═══ Information ═══

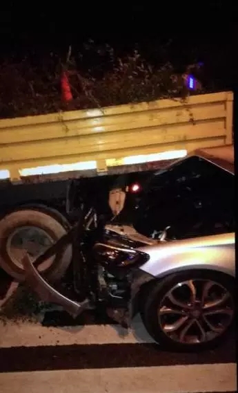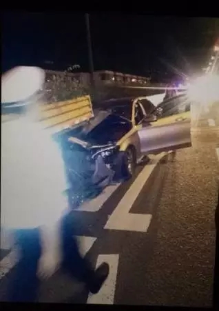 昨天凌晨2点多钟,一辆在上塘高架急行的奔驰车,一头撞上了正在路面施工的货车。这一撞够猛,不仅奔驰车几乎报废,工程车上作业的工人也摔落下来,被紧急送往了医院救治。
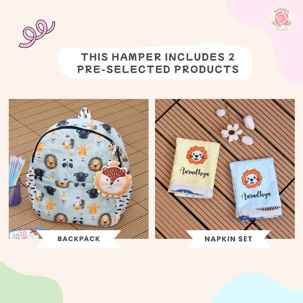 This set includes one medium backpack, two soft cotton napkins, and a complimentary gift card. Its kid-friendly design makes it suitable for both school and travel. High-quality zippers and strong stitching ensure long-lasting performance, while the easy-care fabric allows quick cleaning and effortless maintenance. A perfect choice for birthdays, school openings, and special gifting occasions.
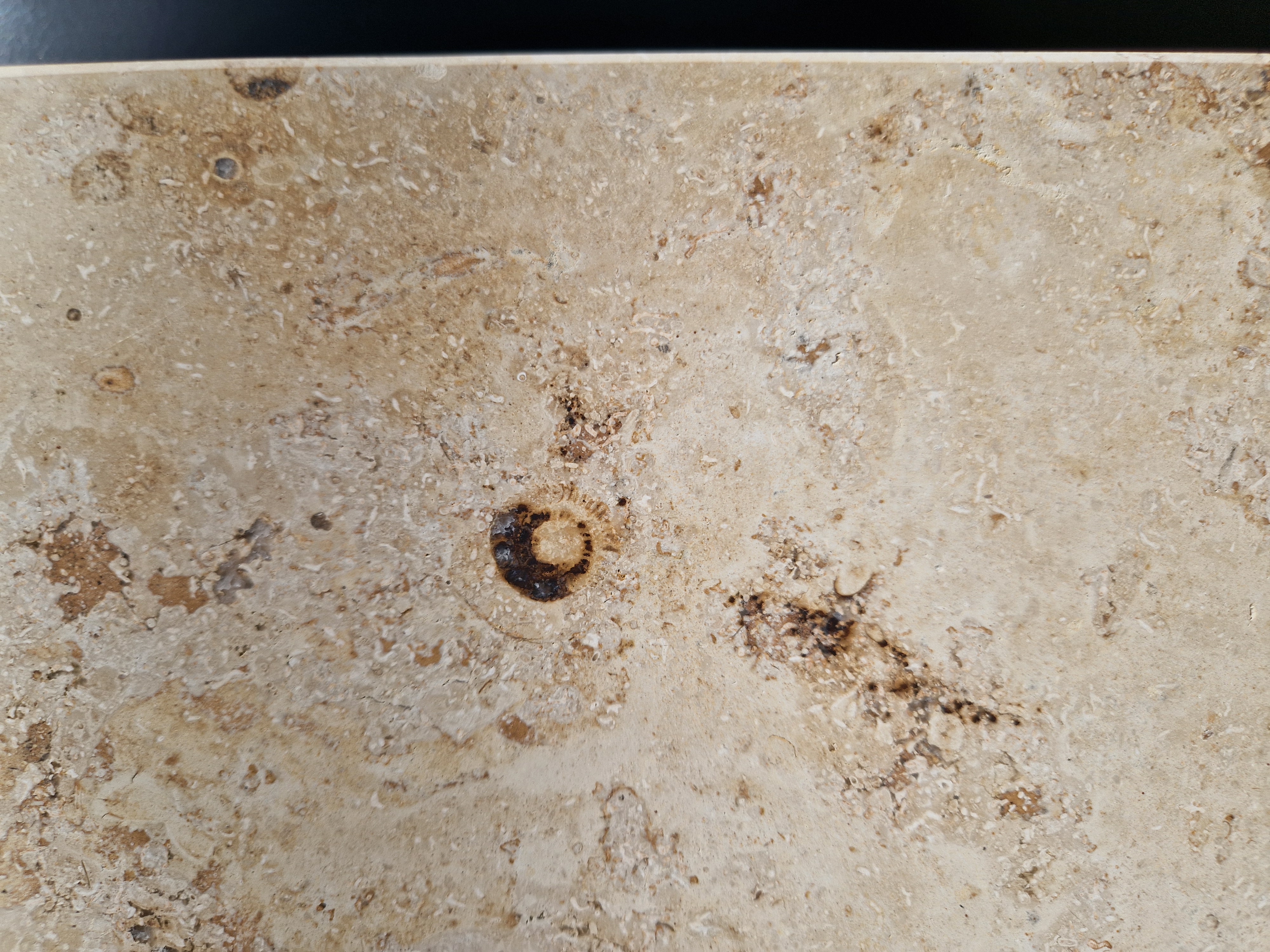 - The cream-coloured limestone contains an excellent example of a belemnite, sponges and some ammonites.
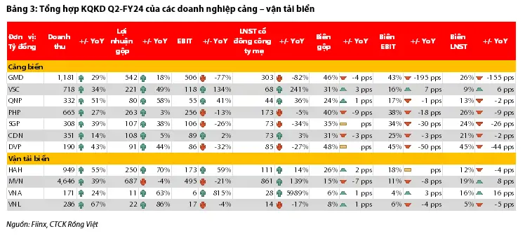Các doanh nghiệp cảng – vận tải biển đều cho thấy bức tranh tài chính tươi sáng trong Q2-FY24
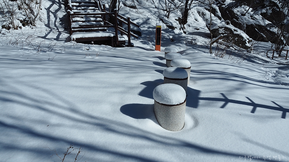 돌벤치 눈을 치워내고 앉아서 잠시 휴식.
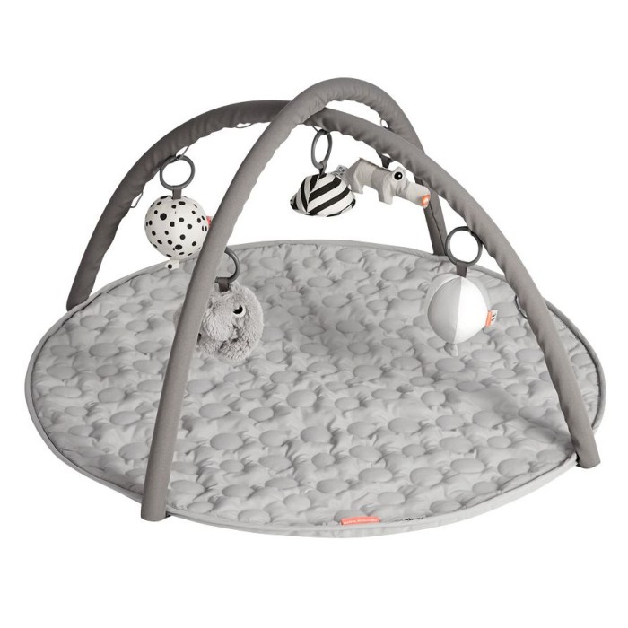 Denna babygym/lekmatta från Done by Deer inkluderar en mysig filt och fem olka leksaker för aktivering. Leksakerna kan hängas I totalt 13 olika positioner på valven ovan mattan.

═══
═══ Information ═══

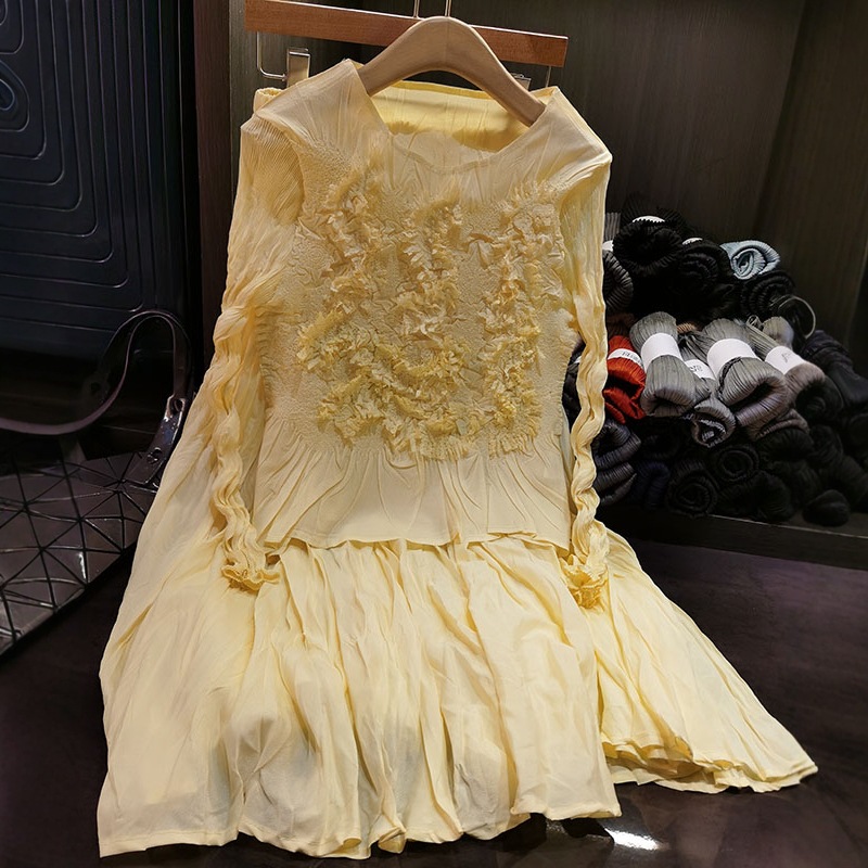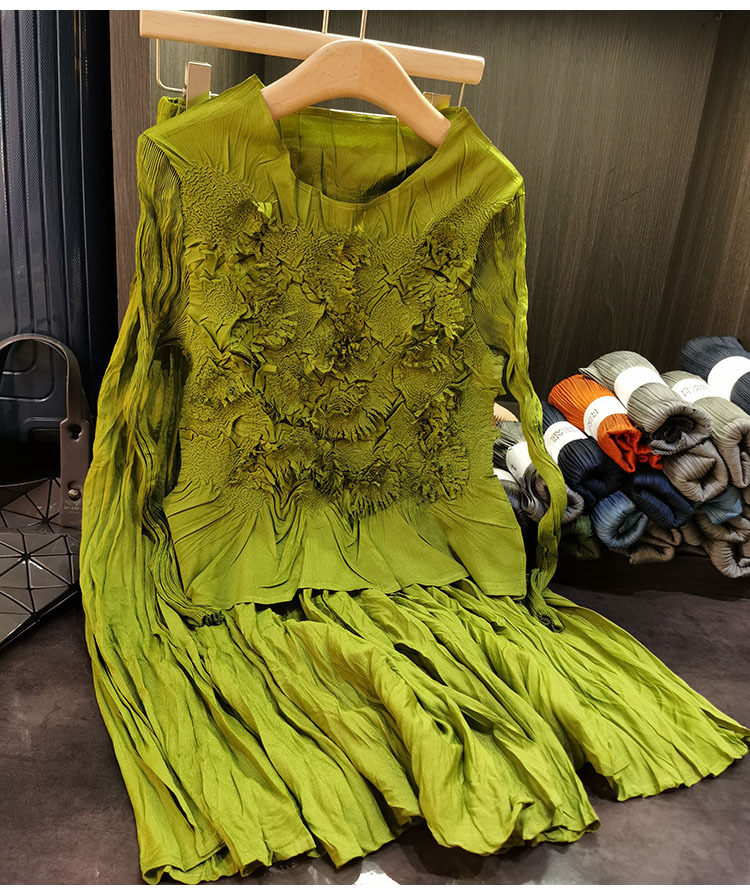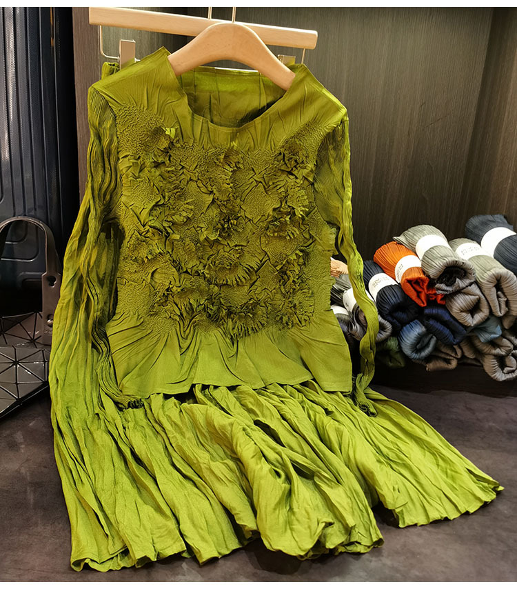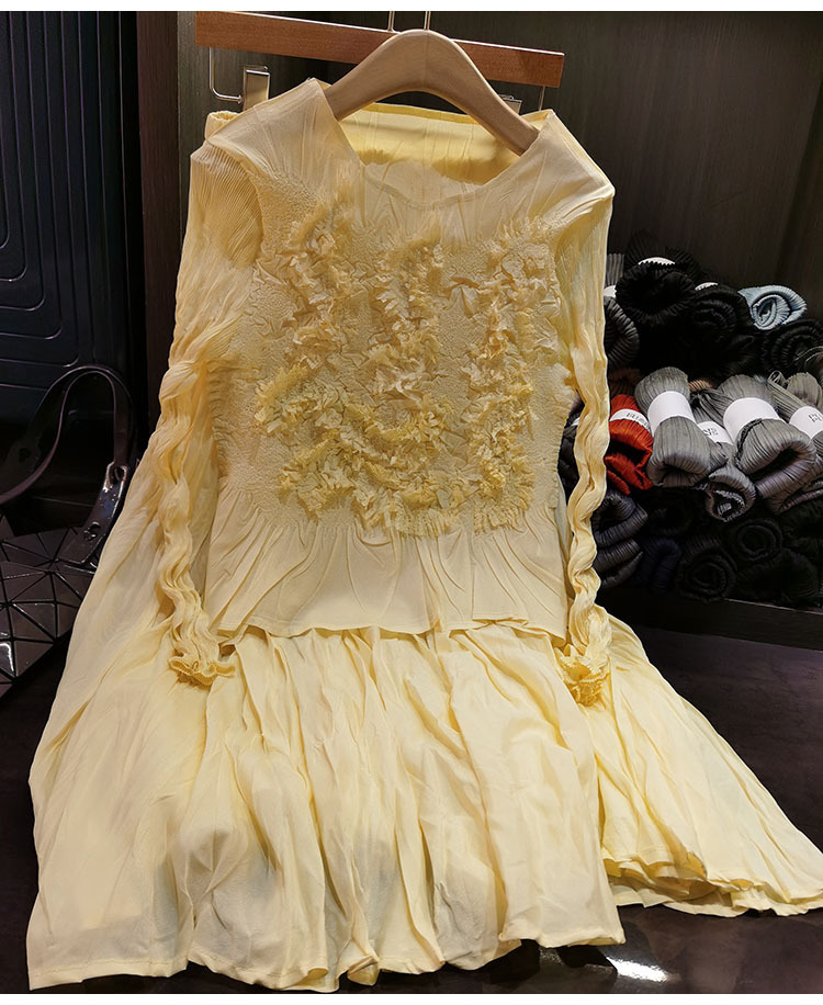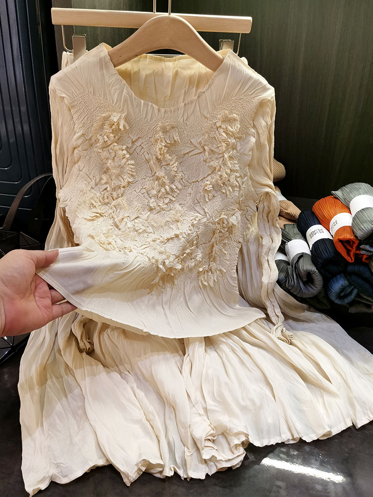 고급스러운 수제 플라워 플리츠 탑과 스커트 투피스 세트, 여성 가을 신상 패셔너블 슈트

═══
═══ Information ═══

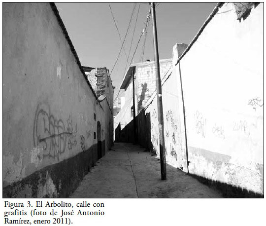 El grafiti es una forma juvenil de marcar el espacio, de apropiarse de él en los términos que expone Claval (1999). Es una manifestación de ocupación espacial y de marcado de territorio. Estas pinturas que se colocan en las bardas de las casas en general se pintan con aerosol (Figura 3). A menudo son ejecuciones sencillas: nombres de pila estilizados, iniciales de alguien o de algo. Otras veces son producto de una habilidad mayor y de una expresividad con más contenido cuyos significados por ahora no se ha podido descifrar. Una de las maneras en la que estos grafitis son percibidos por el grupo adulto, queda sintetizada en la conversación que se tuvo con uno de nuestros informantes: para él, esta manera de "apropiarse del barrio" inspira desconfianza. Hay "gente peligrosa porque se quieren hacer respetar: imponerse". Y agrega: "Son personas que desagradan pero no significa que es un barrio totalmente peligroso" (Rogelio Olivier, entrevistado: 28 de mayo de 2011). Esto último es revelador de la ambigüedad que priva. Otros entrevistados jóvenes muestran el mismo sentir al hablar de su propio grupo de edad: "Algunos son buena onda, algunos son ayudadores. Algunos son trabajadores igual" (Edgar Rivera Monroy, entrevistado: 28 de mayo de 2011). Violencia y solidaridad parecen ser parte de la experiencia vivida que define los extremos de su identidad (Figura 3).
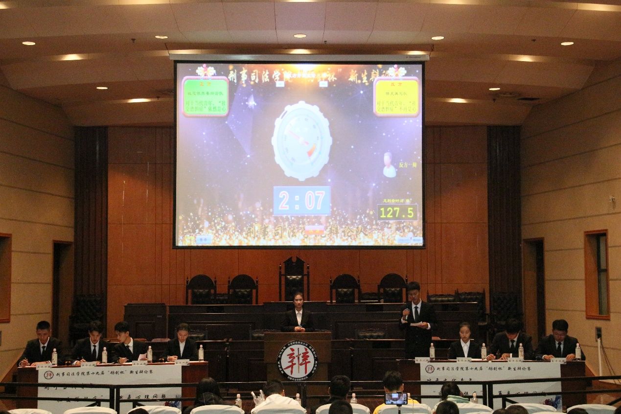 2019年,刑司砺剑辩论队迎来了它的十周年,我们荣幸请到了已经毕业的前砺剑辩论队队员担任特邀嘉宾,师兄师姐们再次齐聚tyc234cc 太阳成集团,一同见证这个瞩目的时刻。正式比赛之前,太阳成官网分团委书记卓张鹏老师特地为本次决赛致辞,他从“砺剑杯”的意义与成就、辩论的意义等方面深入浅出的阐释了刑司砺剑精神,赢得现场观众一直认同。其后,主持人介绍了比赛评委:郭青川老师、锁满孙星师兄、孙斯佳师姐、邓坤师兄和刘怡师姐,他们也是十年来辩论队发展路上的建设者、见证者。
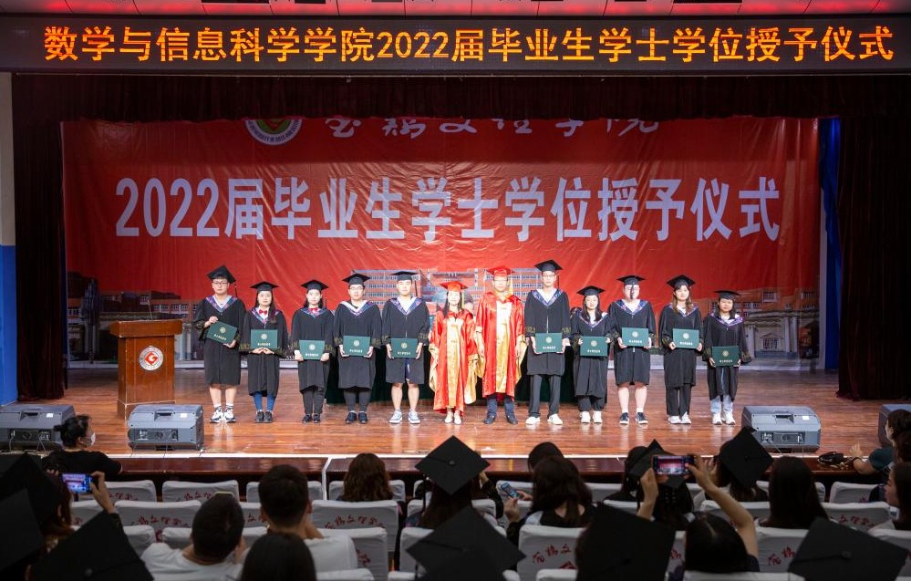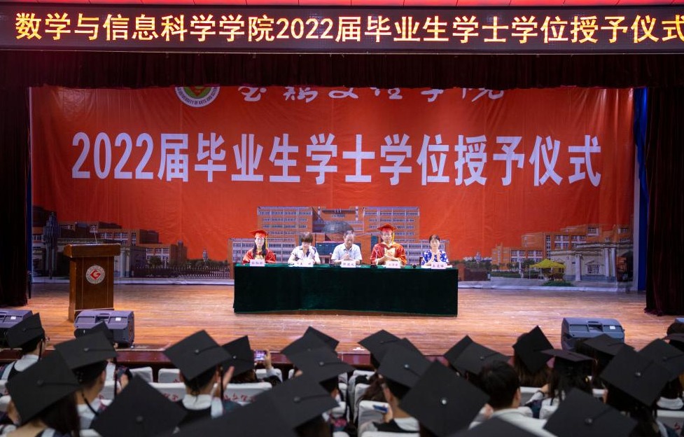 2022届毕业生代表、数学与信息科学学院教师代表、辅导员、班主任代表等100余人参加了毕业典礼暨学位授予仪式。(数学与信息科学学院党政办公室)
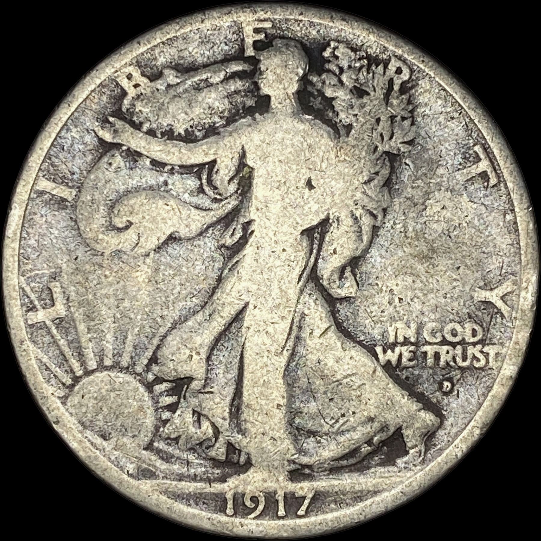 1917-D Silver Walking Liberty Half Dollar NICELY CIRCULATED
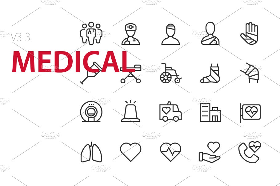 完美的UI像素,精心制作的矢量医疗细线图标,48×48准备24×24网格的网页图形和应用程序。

═══

#### Task description:
Look above and copy only the lines from the one holding "- The cream-coloured" to the one holding "Denna babygym/lekmatta från", both included, exactly, minus the pictures.

#### Answer to this problem:
 - The cream-coloured limestone contains an excellent example of a belemnite, sponges and some ammonites.
Các doanh nghiệp cảng – vận tải biển đều cho thấy bức tranh tài chính tươi sáng trong Q2-FY24
 돌벤치 눈을 치워내고 앉아서 잠시 휴식.
 Denna babygym/lekmatta från Done by Deer inkluderar en mysig filt och fem olka leksaker för aktivering. Leksakerna kan hängas I totalt 13 olika positioner på valven ovan mattan.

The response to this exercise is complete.